» EXERCISE DESCRIPTION
What are the lines below, starting at the line containing "An Engineered Hardwood" and ending at the line containing "2025年10月16日に、P"? Write them out exactly, ends included, without pictures.

» INFORMATION SHOWN
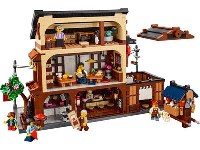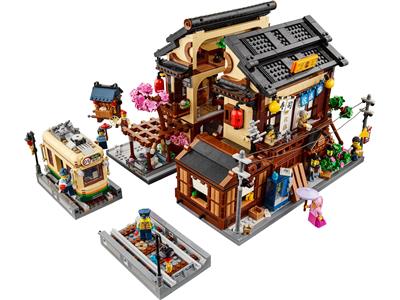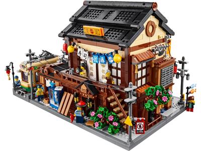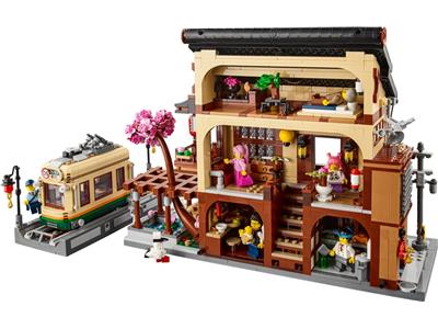 Step into the heart of LEGO City's culinary scene at the authentic Sushi Restaurant, where skilled chefs prepare traditional Japanese cuisine. This immersive set captures the charm of historic Kyoto, featuring a detailed three-story restaurant. The ground floor houses the bustling kitchen, chef's counter, and a welcoming entry area, while the first floor offers a serene tearoom for ceremonies. The top floor is a cozy living space complete with traditional furnishings. Outside, a vintage tram travels along its track, passing a lively street food stall and a tranquil Japanese garden with a koi pond, bamboo, and cherry blossoms. The scene is brought to life with 14 minifigures, including restaurant owners, chefs, customers, and a tram operator, all contributing to the vibrant daily life of this detailed slice of Japan.
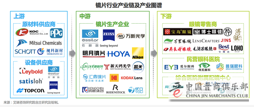 眼镜产业链主要分4个环节:原料、设备、镜片/镜架制造、销售终端。
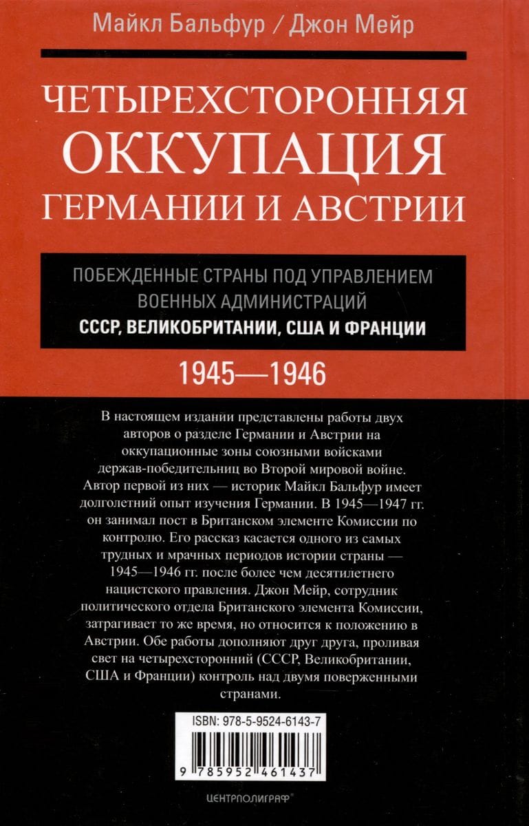 This edition presents the work of two authors on the division of Germany and Austria into occupation zones by the Allied forces of the victorious powers in World War II. The author of the first, historian Michael Balfour, has a long experience of German studies. Between 1945 and 1947 he held a post on the British element of the Control Commission. His account deals with one of the most difficult and darkest periods of the country's history, 1945-1946, after more than a decade of Nazi rule. John Mair, a political officer in the British Element of the Commission, touches on the same time but relates to the situation in Austria. Both works complement each other, shedding light on the quadripartite (USSR, UK, US and France) control of the two defeated countries.
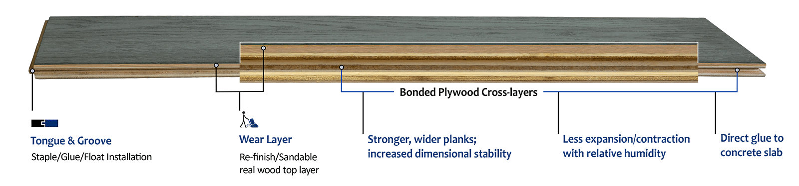 An Engineered Hardwood plank consists of different layers in which the top layer is the finished Hardwood and the base layers are Plywood or a wood substitute, such as a Pine or Birch, also known as a Solid Core VS. Ply-base. This method of Engineering results in increased dimensional stability which gives the Engineered Hardwood many benefits, some of which are:
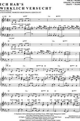 Ich Hab´S Wirklich Versucht - Sheet Music for Piano and Voice Kerstin Ott
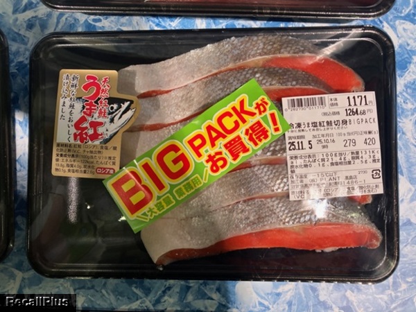 2025年10月16日に、PLANT高島店で販売した「冷凍うま塩紅鮭切身BIGPACK 中身は冷蔵の「うま塩紅鮭切身(BIGパック)」」において、冷蔵販売であれば本来「消費期限2025年10月20日」となるが、冷凍販売時の期限である「賞味期限11月5日」の表示で販売したため、リコール(自主回収)する。これまで健康被害の報告はない。(リコールプラス編集部)
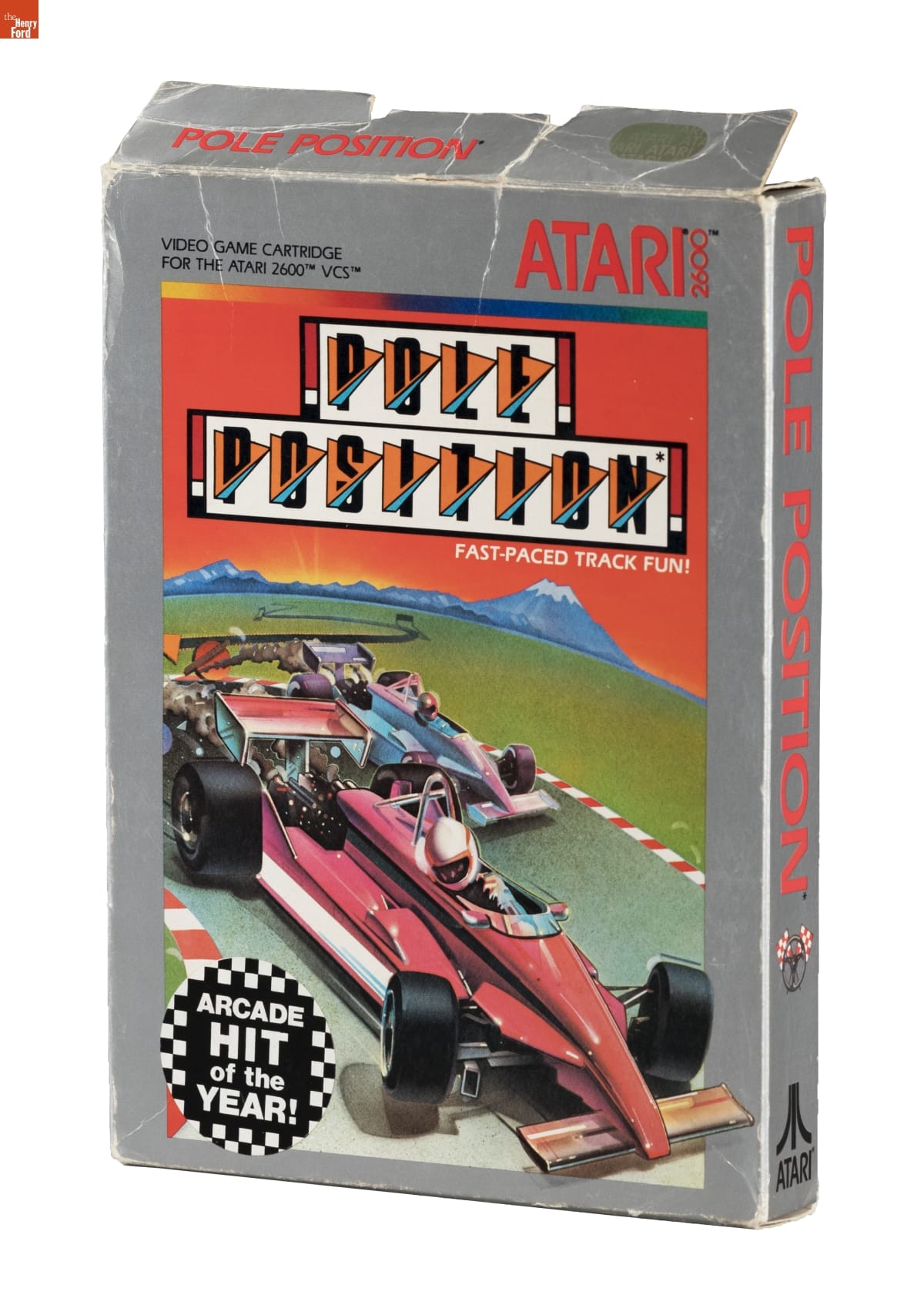 on front of game cartridge: VIDEO GAME CARTRIDGE / ATARI (R) 2600 VCS ATARI 2600 / POLE POSITION / FAST-PACED TRACK FUN! / USE WITH JOYSTICK CONTROLLER / (C) 1983 ATARI, INC. ALL RIGHTS RESERVED 2694 / *POLE POSITION is engineered and designed by Namco ltd., manufactured under license by Atari, Inc. / Trademark and (C) Namco 1982 on top of game cartridge: POLE POSITION on front of packaging: VIDEO GAME CARTRIDGE / FOR THE ATARI 2600 VCS ATARI 2600 / POLE POSITION / FAST-PACED TRACK FUN! / ARCADE HIT of the YEAR! on sides of packaging: POLE POSITION ATARI on back of packaging: POLE POSITION / "...literally blows the doors off any driving game you've ever experienced. - Joystik magazine, April '83. / FOR USE WITH THE ATARI 2000 SERIES SYSTEMS, AND THE SEARS VIDEO ARCADE AND VIDEO ARCADE II SYSTEMS. / ONE PLAYER / Use your Joystick Controller with this Game Program / For use with North American and other NTSC television sets only. / MODEL 2694 / Qualify for the Grand Prix and win the Pole Position, the number one starting spot. Then go flat out to beat the track record and finish a winner. Features treacherous curves, hair-raising near misses, and all the thrills of the popular video arcade game. / ATARI / A Warner Communications Company / ATARI, INC., Consumer Division / [...] . (C) 1983 ATARI, Inc. ALL RIGHTS RESERVED. MADE IN U.S.A. / [...]

» FINISHED EXERCISE
 An Engineered Hardwood plank consists of different layers in which the top layer is the finished Hardwood and the base layers are Plywood or a wood substitute, such as a Pine or Birch, also known as a Solid Core VS. Ply-base. This method of Engineering results in increased dimensional stability which gives the Engineered Hardwood many benefits, some of which are:
 Ich Hab´S Wirklich Versucht - Sheet Music for Piano and Voice Kerstin Ott
 2025年10月16日に、PLANT高島店で販売した「冷凍うま塩紅鮭切身BIGPACK 中身は冷蔵の「うま塩紅鮭切身(BIGパック)」」において、冷蔵販売であれば本来「消費期限2025年10月20日」となるが、冷凍販売時の期限である「賞味期限11月5日」の表示で販売したため、リコール(自主回収)する。これまで健康被害の報告はない。(リコールプラス編集部)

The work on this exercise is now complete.